The bull case rests on continued potash strength and a firm fruit and vegetable demand, paired with the high energy costs that keep the Mannheim floor elevated. The bear case is a real pullback in potash or an effective slowdown in the high-value crop spending that essentially weakens the balance. The regions like Europe should keep the premium on the energy-intensive production and sophisticated demand.
| Region | Price Range (USD/KG) |
| Global Average | 0.60 - 0.66 |
| Europe | 0.59 - 0.64 |
| North America | 0.73 - 0.80 |
| Africa | 0.61 - 0.66 |
| Northeast Asia | 0.50 - 0.55 |
| Southeast Asia | 0.57 - 0.63 |
Europe stays the clear outlier on the upside on energy-intensive Mannheim production and demand quality. India holds the low end on import competition, while North America and South America sit between, supported by high-value horticulture.

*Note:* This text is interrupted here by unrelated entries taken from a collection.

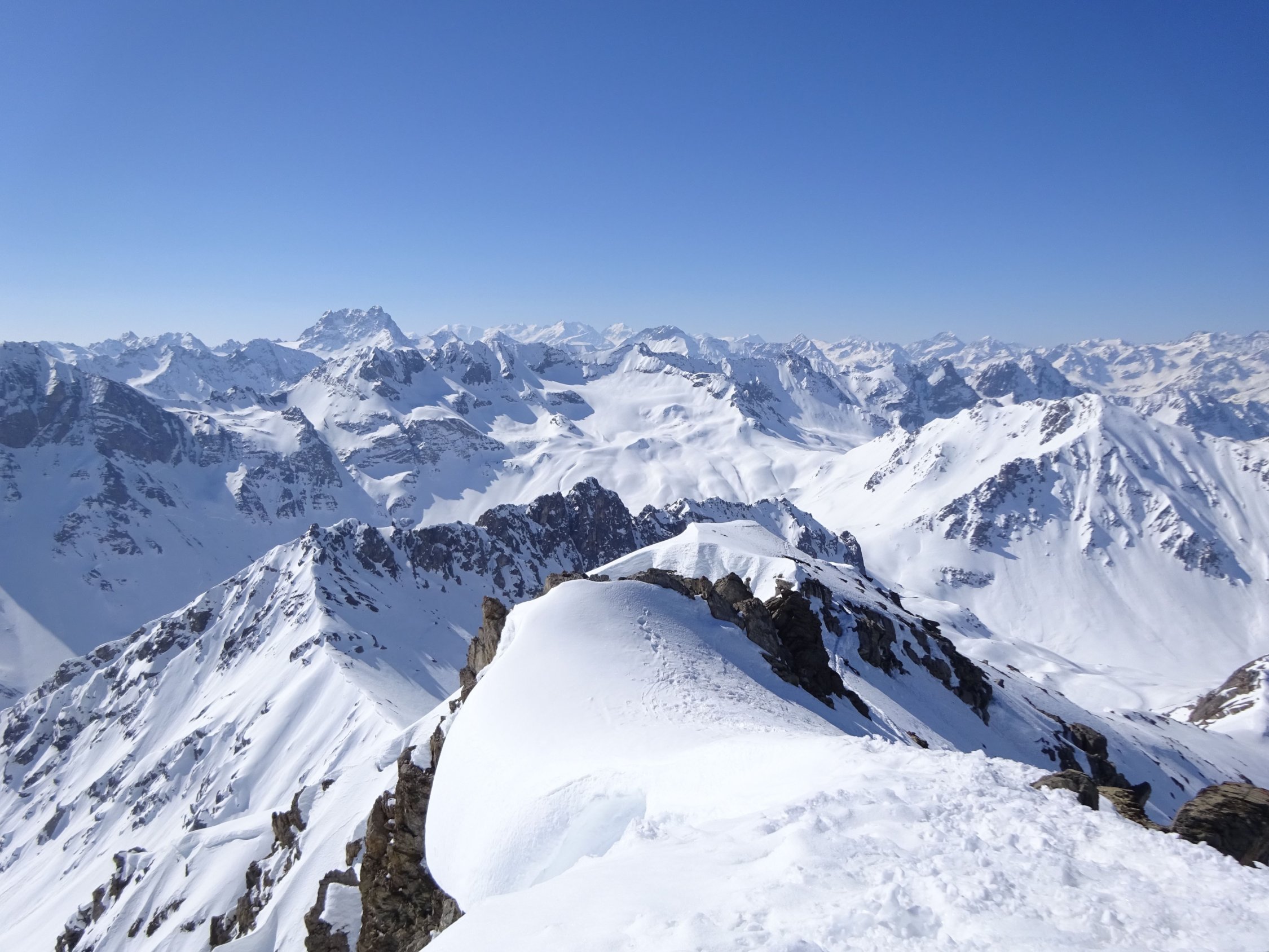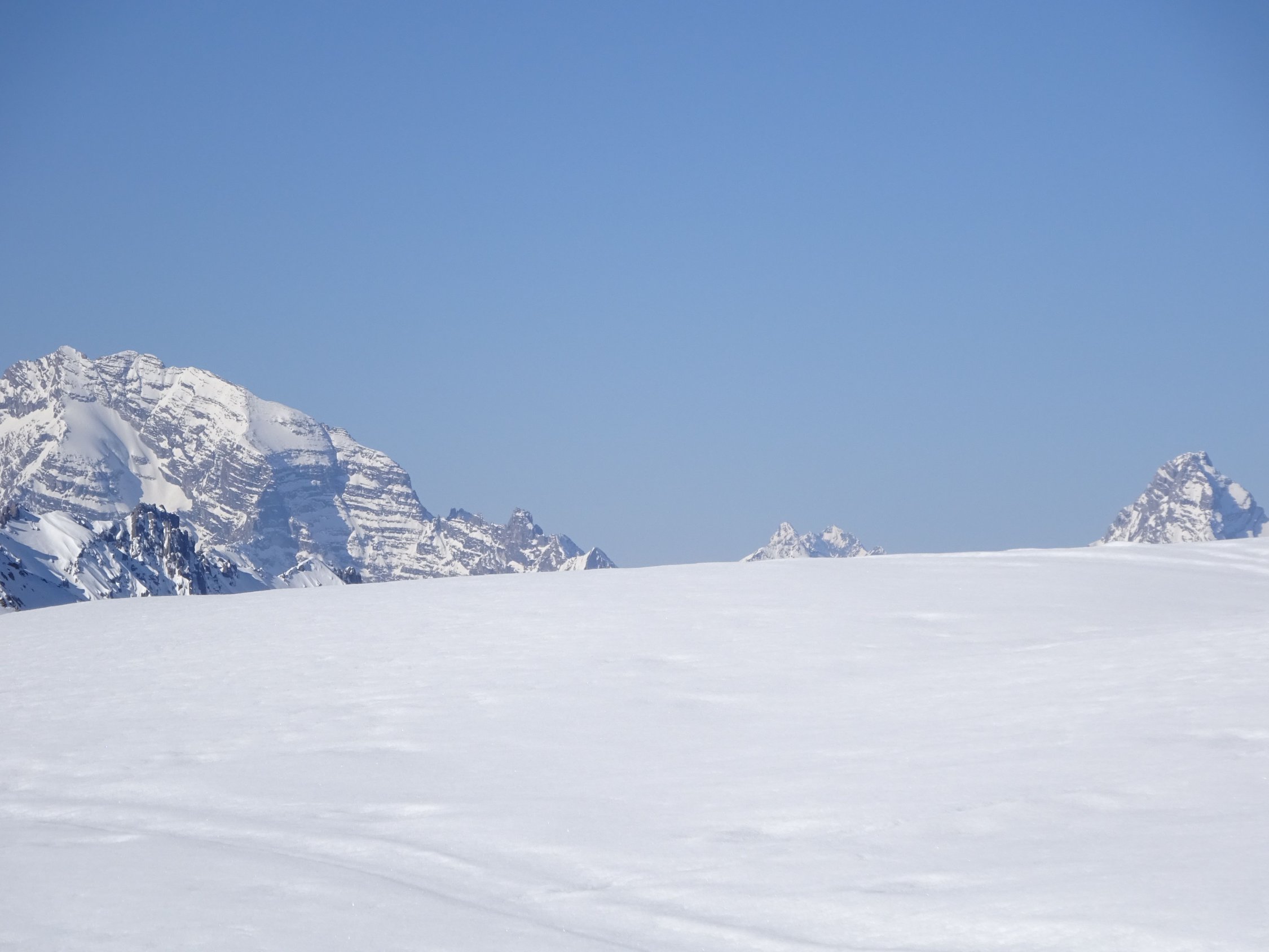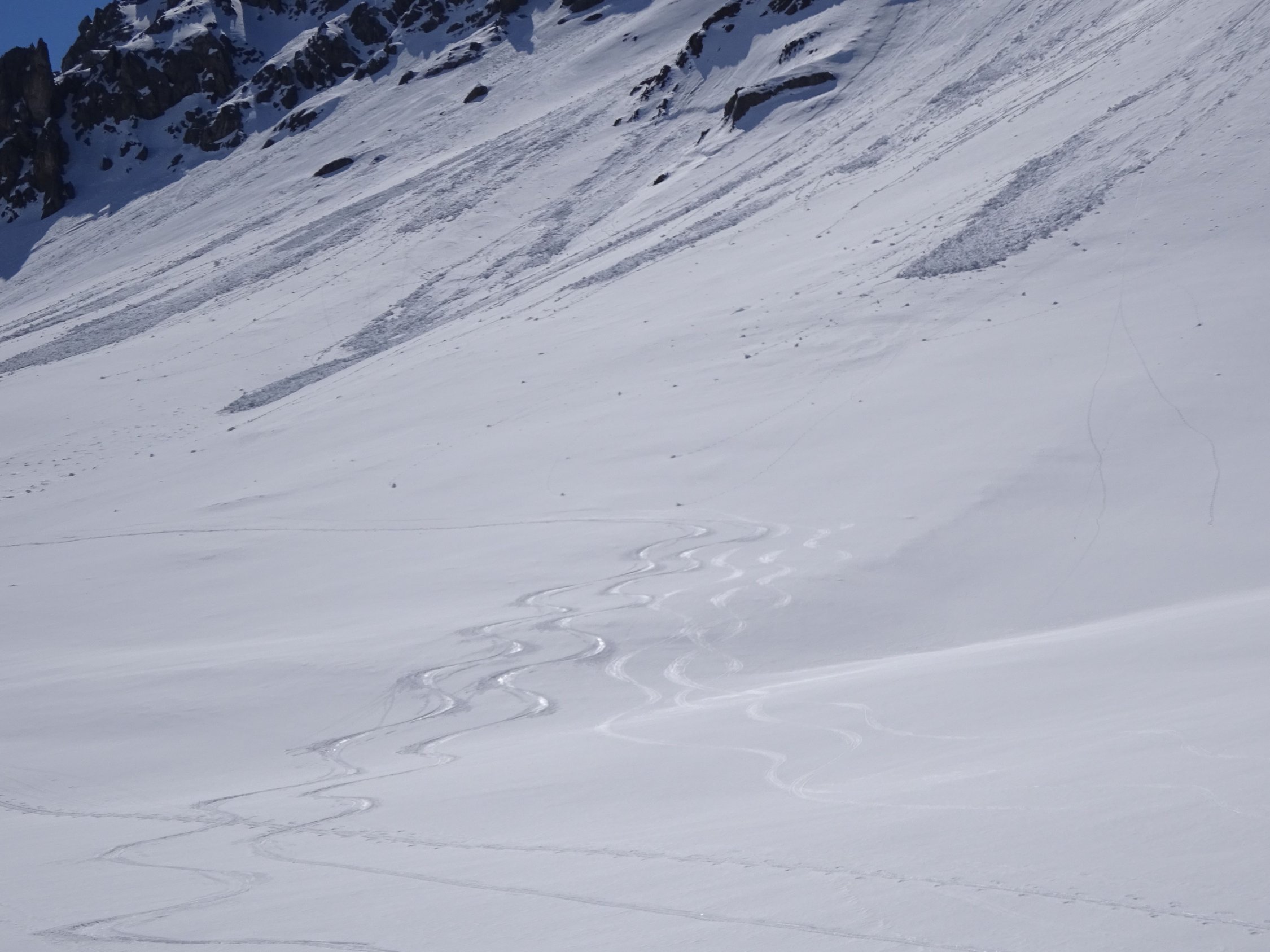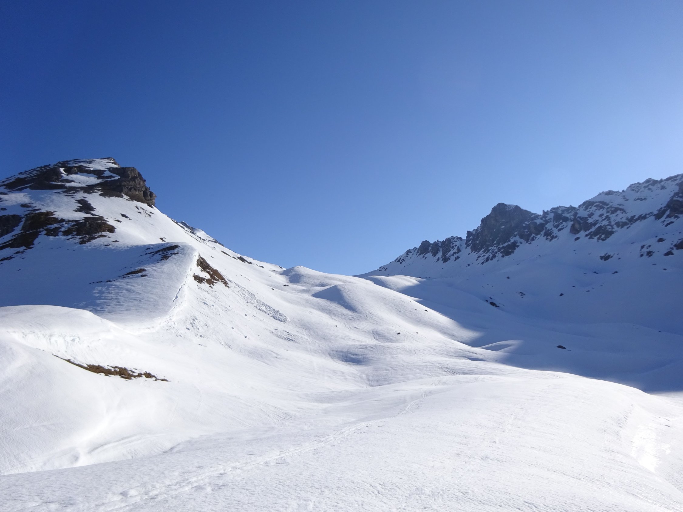 Es ist sehr ruhig im Gebiet; ich habe gerade einmal zwei Türeler am Gletscherducan gesehen. In den tieferen Lagen geht der Schnee schnell zurück, aber man kann die Skier noch bei der Oberalp (1913 m) anschnallen. Nach der Brücke unterhalb Fanezmeder gibt es dann eine geschlossene Schneedecke, die im Aufstieg schön tragfähig war und bei der Abfahrt um etwa 11 Uhr Sulz vom Feinsten bot, vor allem süd- und ostseitig. Ich habe für die Abfahrt ebenfalls das Bärentäli gewählt und bin damit wahrscheinlich gut gefahren. Das Restaurant in Monstein war offen; Rösti, Kuchen oder Monsteiner Bier nicht verpassen!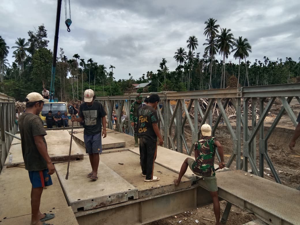 Sementara itu, pembangunan Jembatan Bailey Kutablang pada ruas jalan yang sama terus dikebut. Jembatan dengan bentang sekitar 66 meter ini dikerjakan oleh personel gabungan Zidam Iskandar Muda dan Yonzipur 16/Dhika Anoraga, dengan progres mencapai 60% setelah pemasangan lantai jembatan serta wings penarik.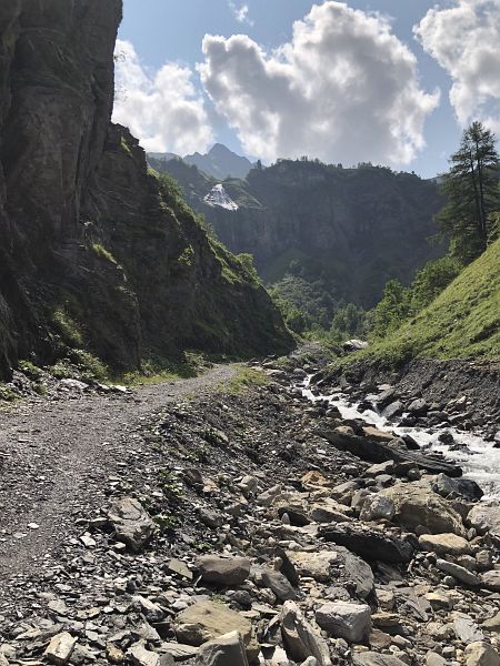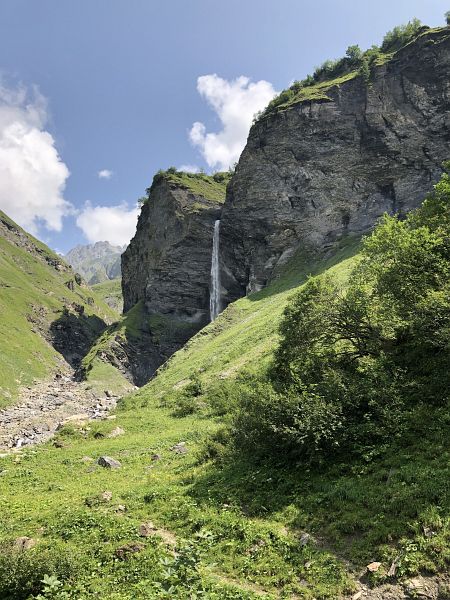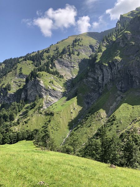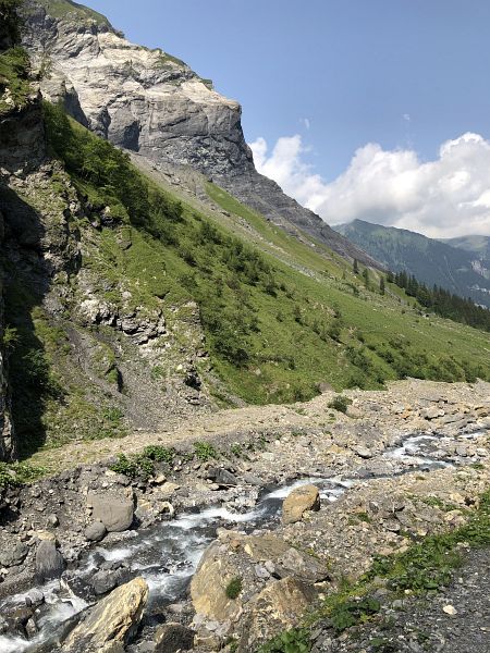 Dann wurde es Zeit, mich auf den Rückweg zu machen, stressen muss man da aber nicht, es gibt stündliche Busverbindungen bis am späteren Abend. Einen Weg in Gegenrichtung zu laufen, ist gleich nochmals anders, da man eine andere Sicht hat, so war der Rückweg genauso imposant wie der Hinweg mit dem Blick zu den steilen Hängen. Zurück im Dorf reichte mir die Zeit noch für eine Einkehr, so dass ich dem Ort wirtschaftlich doch noch etwas Kleines einbrachte. Danach genoss ich nochmals die Fahrt im Postauto und nahm mir vor, wieder zu kommen, vielleicht sogar einmal im Winter mit Schnee.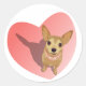 Tan Chihuahua in diamond pink collar in heart Classic Round Sticker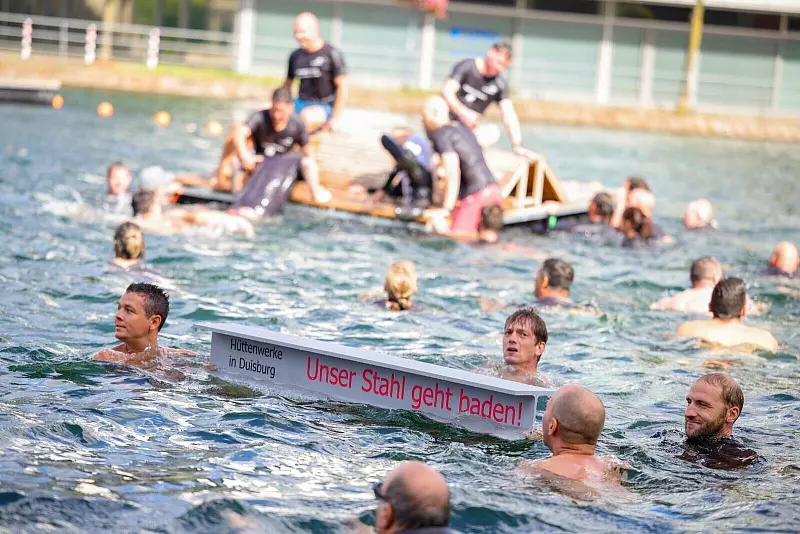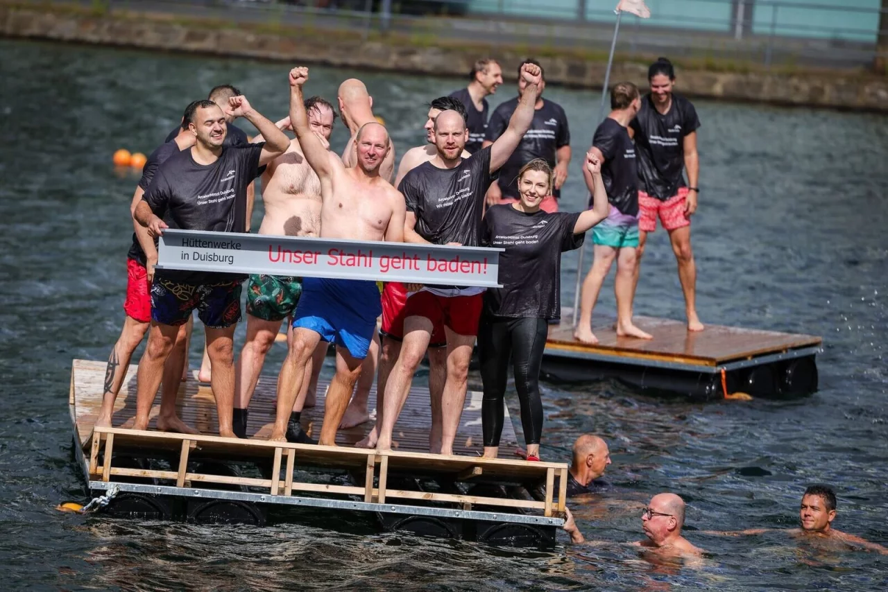 Mit einer spektakulären Aktion im Duisburger Innenhafen haben Beschäftigte des Stahlkonzerns Arcelormittal für den Erhalt ihrer Arbeitsplätze demonstriert und Investitionen in den Duisburger Standort gefordert. Unter dem Motto «Unser Stahl geht baden» sprangen rund 60 Stahlarbeiter von der Kaimauer ins Hafenbecken. An einer parallelen Kundgebung nahmen nach Angaben der IG Metall mehr als 550 Beschäftigte teil, darunter auch Mitarbeiter der Stahlunternehmen HKM und Thyssenkrupp Steel. Arcelormittal stellt in Duisburg unter anderem Draht für die Autoindustrie und den Maschinenbau her und beschäftigt laut IG Metall rund 850 Menschen.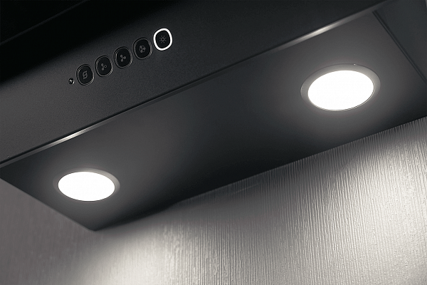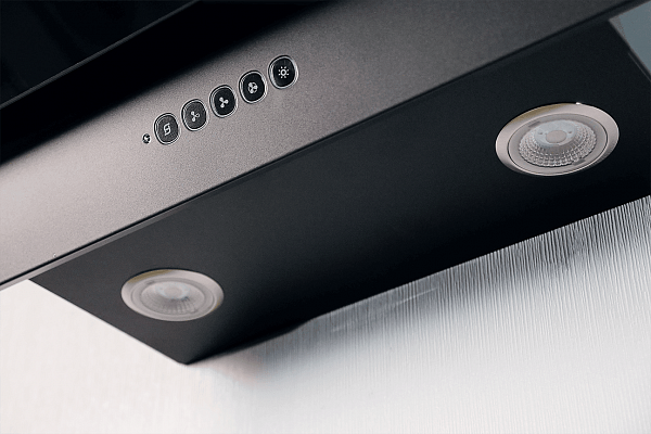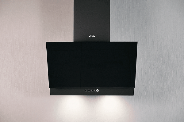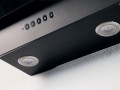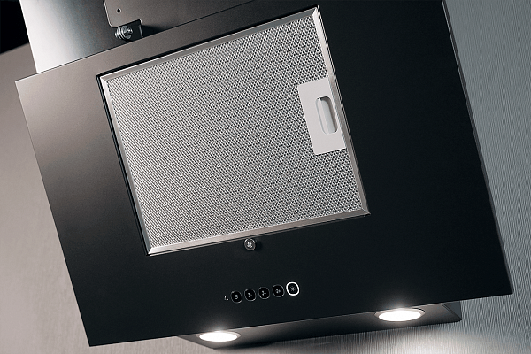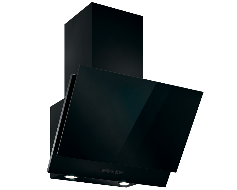 Вытяжка кухонная, пристенная,наклонная. Исполнение: черный/черное стекло. Управление: сенсорное. Режим работы: отвод. Угольный фильтр - временно не поставляется. Отвод возможен только через вентканал.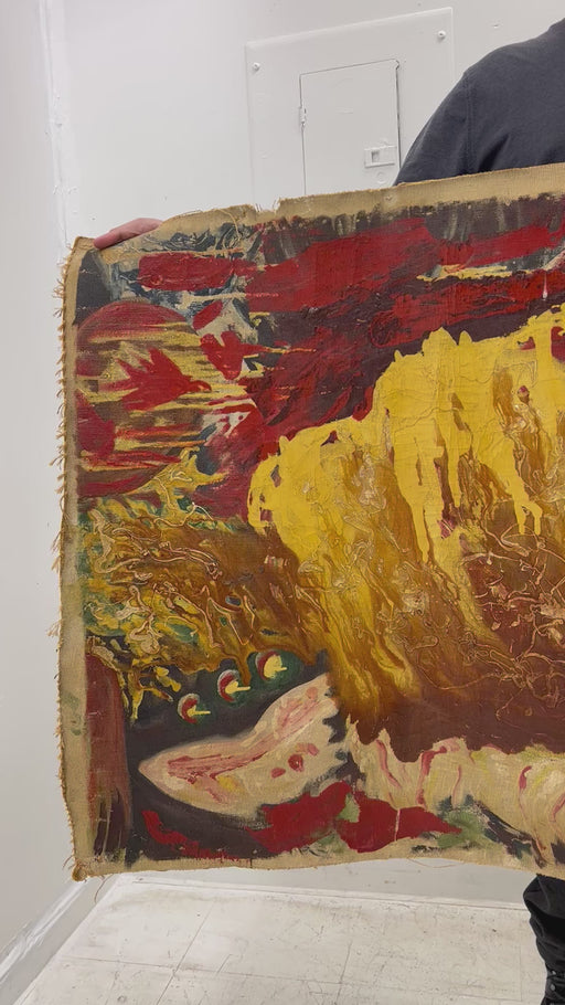 Low stockVintage Abstract Painting On Canvas. This Work is in Abstract Style with a Hidden Alien Image. There is a Wear as Pictured. Dimensions. 59 W ; 32 1...

The whole market sits higher than it did entering 2025.
For Buyers
For Manufacturers
It is a premium, chloride-free potassium fertilizer that also supplies sulfur, known as sulfate of potash. Prices matter because it underpins quality nutrition for fruits, vegetables, and other high-value crops.
Global averages moved from USD 0.61/KG in Q1 to USD 0.62/KG in Q4, about 2 percent higher. North America held the highest prices near USD 0.78 to 0.86/KG, while Europe climbed fastest from USD 0.46/KG.
Global prices are expected to hold in the USD 0.60 to 0.66/KG range, firm. A higher potash floor, energy-intensive production, and high-value-crop demand are the main supports, with North America keeping the widest premium.
Production is split between the energy-intensive Mannheim process and natural sources like langbeinite and salt-lake brines, with capacity across Asia, Europe, and North America.
The muriate-of-potash base, sulfuric-acid and energy costs, high-value-crop demand, concentrated specialty supply, and currency and freight for import-reliant markets like India and Brazil.